Input data:
********************
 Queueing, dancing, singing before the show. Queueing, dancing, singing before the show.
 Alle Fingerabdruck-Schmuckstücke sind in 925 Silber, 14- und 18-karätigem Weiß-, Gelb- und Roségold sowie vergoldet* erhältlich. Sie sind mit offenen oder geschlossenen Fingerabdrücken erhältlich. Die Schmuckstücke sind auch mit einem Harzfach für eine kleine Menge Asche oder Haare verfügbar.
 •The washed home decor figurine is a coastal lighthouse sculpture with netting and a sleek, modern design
********************
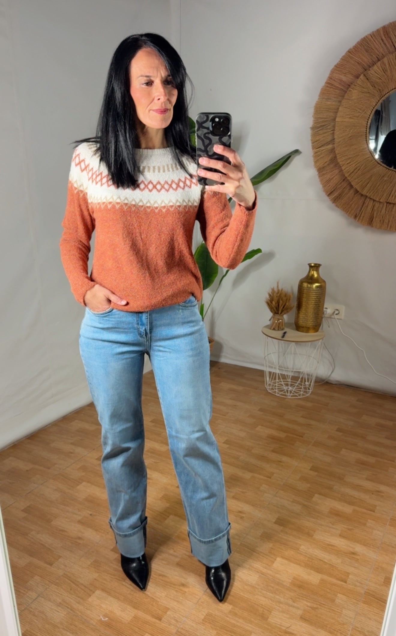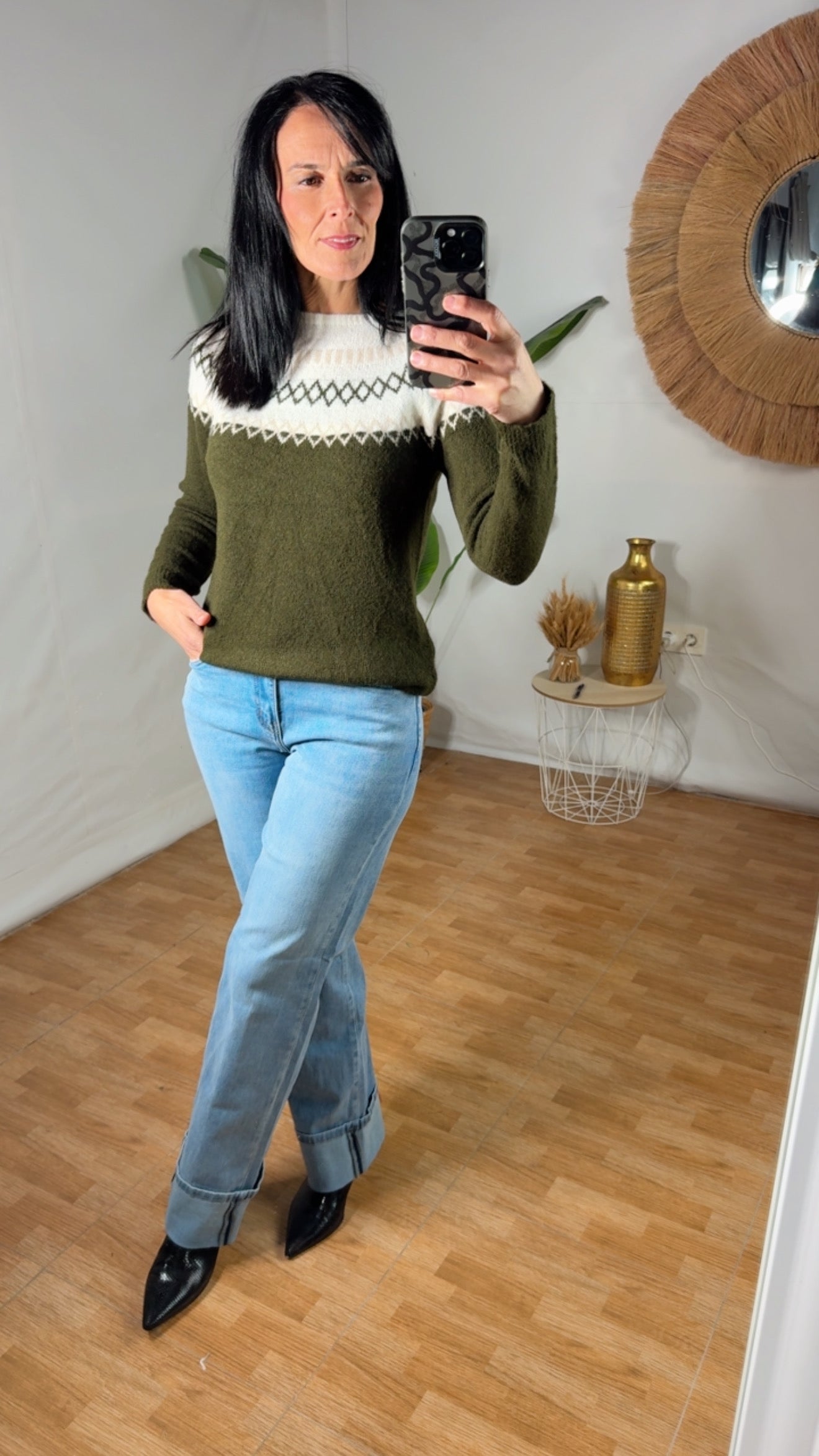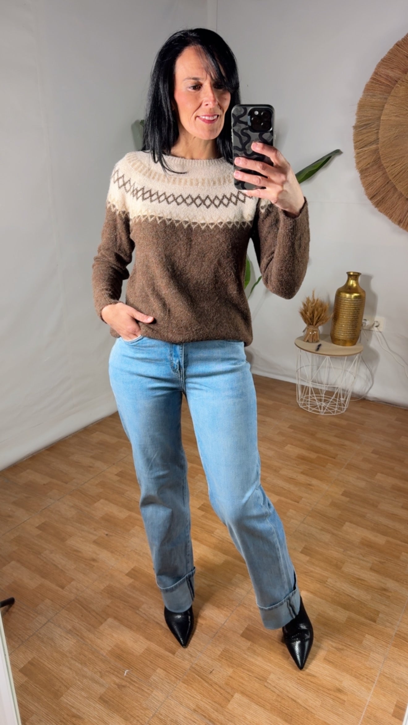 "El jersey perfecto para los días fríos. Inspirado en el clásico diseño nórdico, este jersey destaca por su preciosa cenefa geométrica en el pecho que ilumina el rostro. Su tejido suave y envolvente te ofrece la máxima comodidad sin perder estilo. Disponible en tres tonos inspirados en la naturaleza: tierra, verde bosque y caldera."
********************
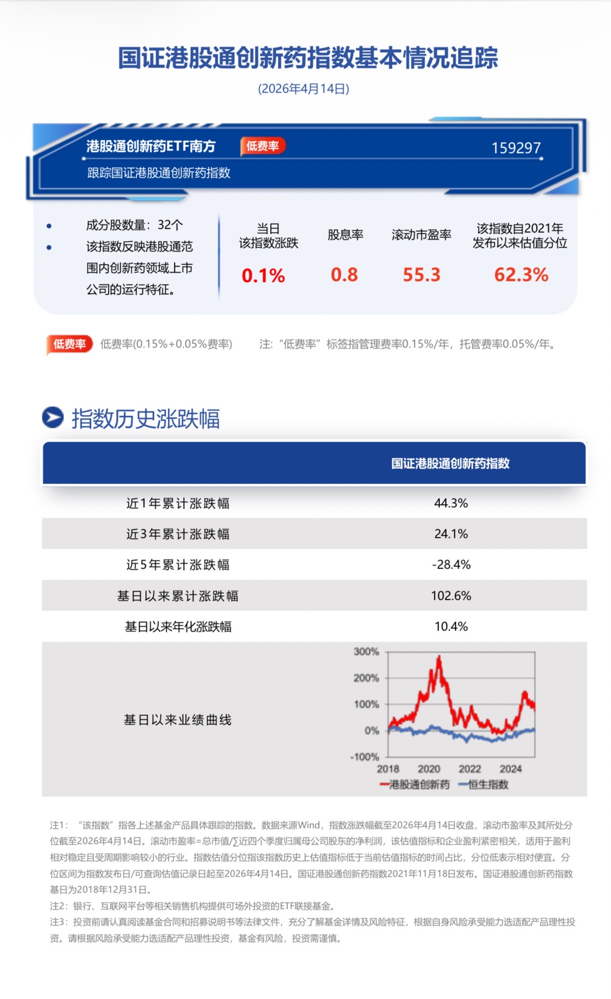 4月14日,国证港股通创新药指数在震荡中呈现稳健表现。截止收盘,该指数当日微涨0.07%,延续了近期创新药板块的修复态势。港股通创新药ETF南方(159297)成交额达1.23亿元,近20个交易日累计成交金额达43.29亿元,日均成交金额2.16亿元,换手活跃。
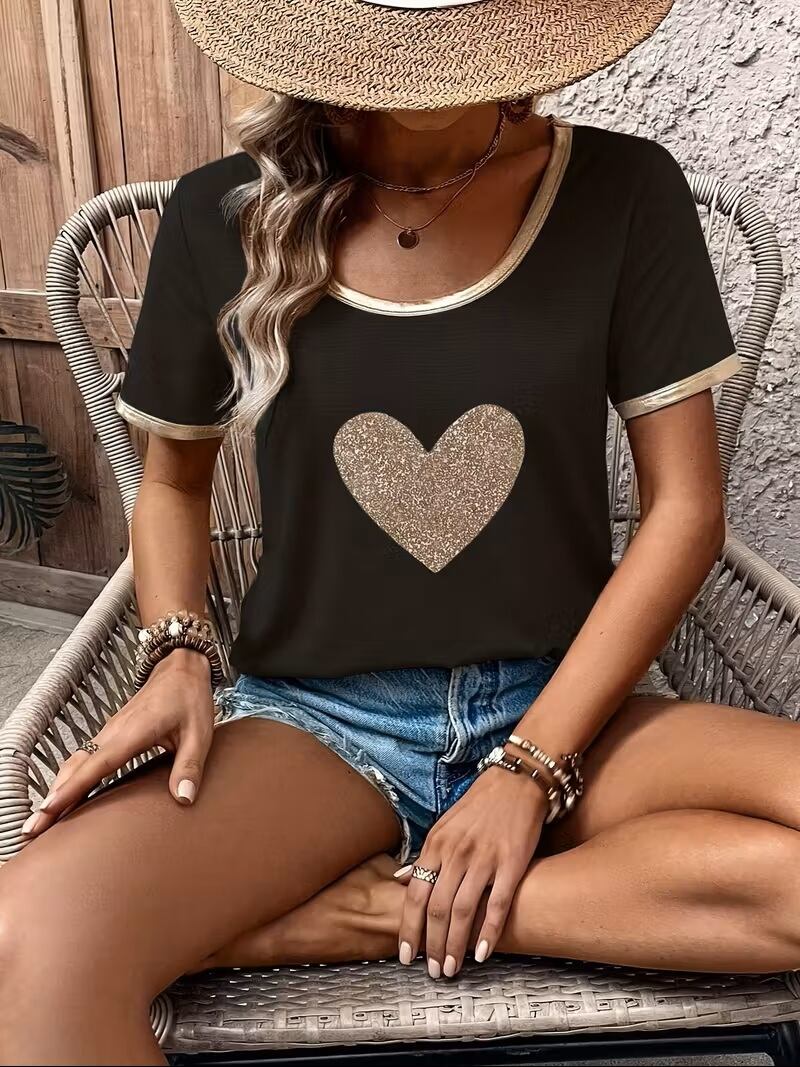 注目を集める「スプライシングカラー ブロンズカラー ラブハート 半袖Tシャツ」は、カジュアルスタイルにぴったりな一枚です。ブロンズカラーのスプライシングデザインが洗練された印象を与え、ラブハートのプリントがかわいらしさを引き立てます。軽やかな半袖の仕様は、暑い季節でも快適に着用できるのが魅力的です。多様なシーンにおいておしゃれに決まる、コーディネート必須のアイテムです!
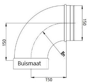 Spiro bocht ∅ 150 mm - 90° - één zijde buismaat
********************
Exercise goal: Could you transcribe the entries above word for word, from the line with "show. Queueing, dancing, singing before the show." down to the line with "sleek, modern design", keeping both?

Your response:
 Queueing, dancing, singing before the show. Queueing, dancing, singing before the show.
 Alle Fingerabdruck-Schmuckstücke sind in 925 Silber, 14- und 18-karätigem Weiß-, Gelb- und Roségold sowie vergoldet* erhältlich. Sie sind mit offenen oder geschlossenen Fingerabdrücken erhältlich. Die Schmuckstücke sind auch mit einem Harzfach für eine kleine Menge Asche oder Haare verfügbar.
 •The washed home decor figurine is a coastal lighthouse sculpture with netting and a sleek, modern design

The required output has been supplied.